Task description:
From the records that follow, return exactly the lines beginning at the one that contains "Iš parodos „Kaip" and ending at the one that contains "जिले में कुल", pictures left out.

Available data:
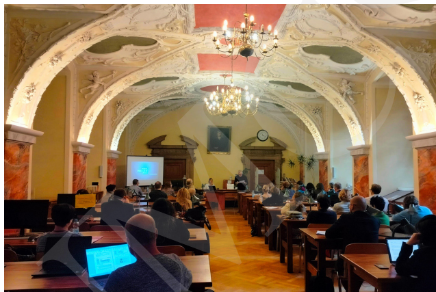
Fot. 8. Prezentacja jednego z wystąpień.

Wystąpienie to zamykało pierwszy dzień konferencji.
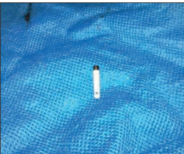
Figura 4. Pin, cubierto de hidroxiapatita (Implante de la ATM)
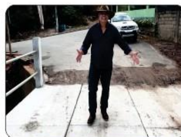
PONTE DE CONCRETO NO SERTÃOZINHO
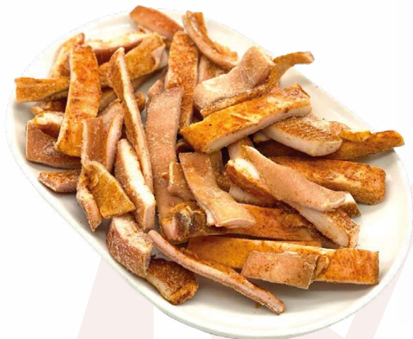
TORREZNOS AINUK - 4KG.
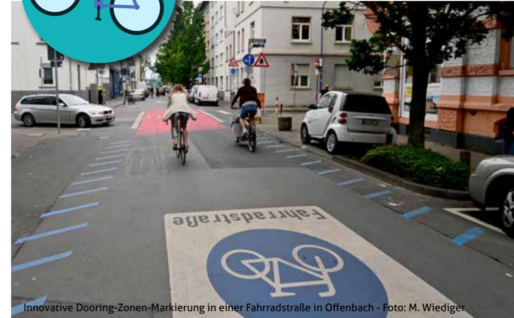
Innovative Dooring-Zonen-Markierung in einer Fahrradstraße in Offenbach

Schäfer in der Flughafenstraße macht vor, wie man es auch als kleiner Laden mit vier einfachen Fahrrad-Anlehnbügeln schon super machen kann. Jeder gute Fahrradparkplatz in Griesheim zeigt: Hier sind Radfahrer willkommen!
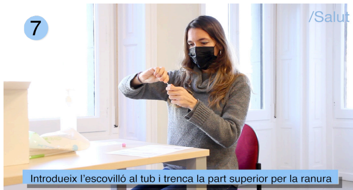
Introdueix l'escovilló al tub i trenca la part superior per la ranura
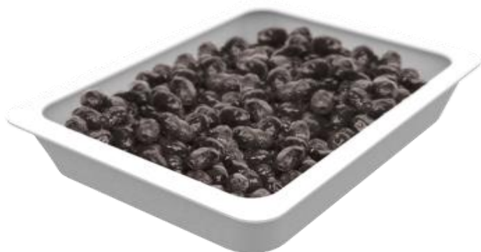
OLIVE NERE AL FORNO B822
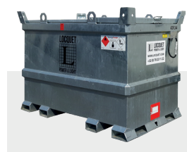
Cuve à carburant externe
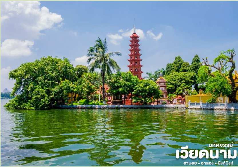
มหัศจรรย์ เวียดนาม ฮานอย • ฮาลอง • ینگบิงห์

📍 นำท่าน เดินทางสู่ วัดเงินก๊วก เป็นวัดที่อยู่ใจกลางเมืองของเวียดนาม ใกล้ชิดกับทะเลสาบตะวันตกของเมืองฮานอย ภายในวัดมี เจดีย์เงินก๊วก (Chua Tran Quoc) เป็นเจดีย์ที่สำคัญและเก่าแก่ของชาวเวียดนาม การสร้างเจดีย์แห่งนี้ ใช้ศิลปะที่มีการผสมผสานกันอย่างลงตัว ระหว่างสถาปัตยกรรมจีนและเวียดนาม มีความสูง 15 เมตร มีทั้งหมด 11 ชั้น ภายในมีจารึกประวัติความเป็นมาทั้งของเจดีย์และพระศรีศากยมุนีปางปรินิพพานที่ทำด้วยทองคำ
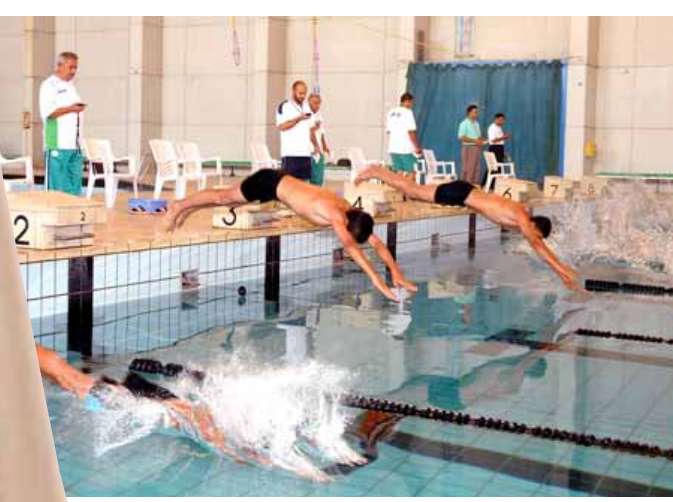
احدى منافسات السباحة المحلية
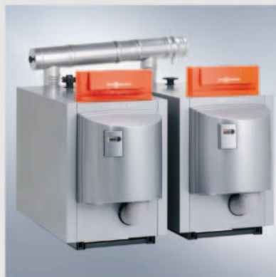
Котли Vitocrossal 200 потужністю від 87 до 628 кВт, та 2512 кВт в каскаді
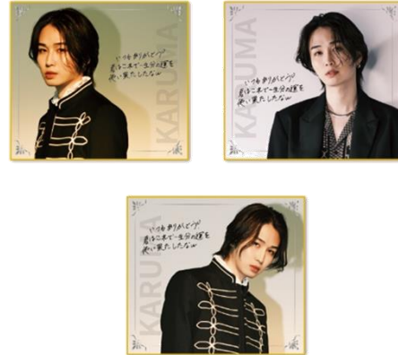
D 賞 レプリカメッセージ入り色紙 全3種
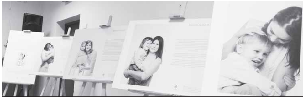
Iš parodos „Kaip gerai, kad tu gimei“.
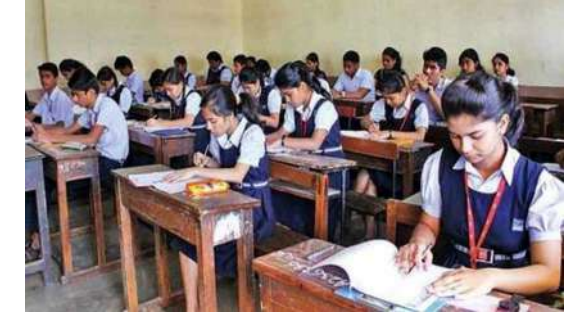
जिले में कुल 22 संवेदनशील परीक्षा केंद्र हैं। किसी भी केंद्र से किसी प्रकार कोई अनुचित घटना सामने नहीं आयी है। बता दें कि, सरकार ने नकलमुक्त अभियान के तहत टोल फ्री क्रमांक 112 जारी किया है। जिले में कक्षा दसवीं एवं बारहवीं के पेपर

भंडारा : महाराष्ट्र राज्य माध्यमिक बोर्ड की कक्षा दसवीं की परीक्षा शुक्रवार, 21 फरवरी से शुरू हुई है। परीक्षा के पहले दिन मराठी का पर्ये में कुल 142 छात्र-छात्राएं अनुपस्थित रहे। जिले के कुल 88 परीक्षा केंद्रों पर कुल 14 हजार 745 छात्र-छात्राओं ने पंजीयन किया था। जिसमें से कुल 14 हजार, 603 छात्र-छात्राओं ने पहला पर्या दिया, जबकि 142 छात्र-छात्राएं अनुपस्थित थे। इस दौरान सभी परीक्षा केंद्रों पर जिला प्रशासन तथा पुलिस प्रशासन की कड़ी नजर रही।

Result of this exercise:
Iš parodos „Kaip gerai, kad tu gimei“.
जिले में कुल 22 संवेदनशील परीक्षा केंद्र हैं। किसी भी केंद्र से किसी प्रकार कोई अनुचित घटना सामने नहीं आयी है। बता दें कि, सरकार ने नकलमुक्त अभियान के तहत टोल फ्री क्रमांक 112 जारी किया है। जिले में कक्षा दसवीं एवं बारहवीं के पेपर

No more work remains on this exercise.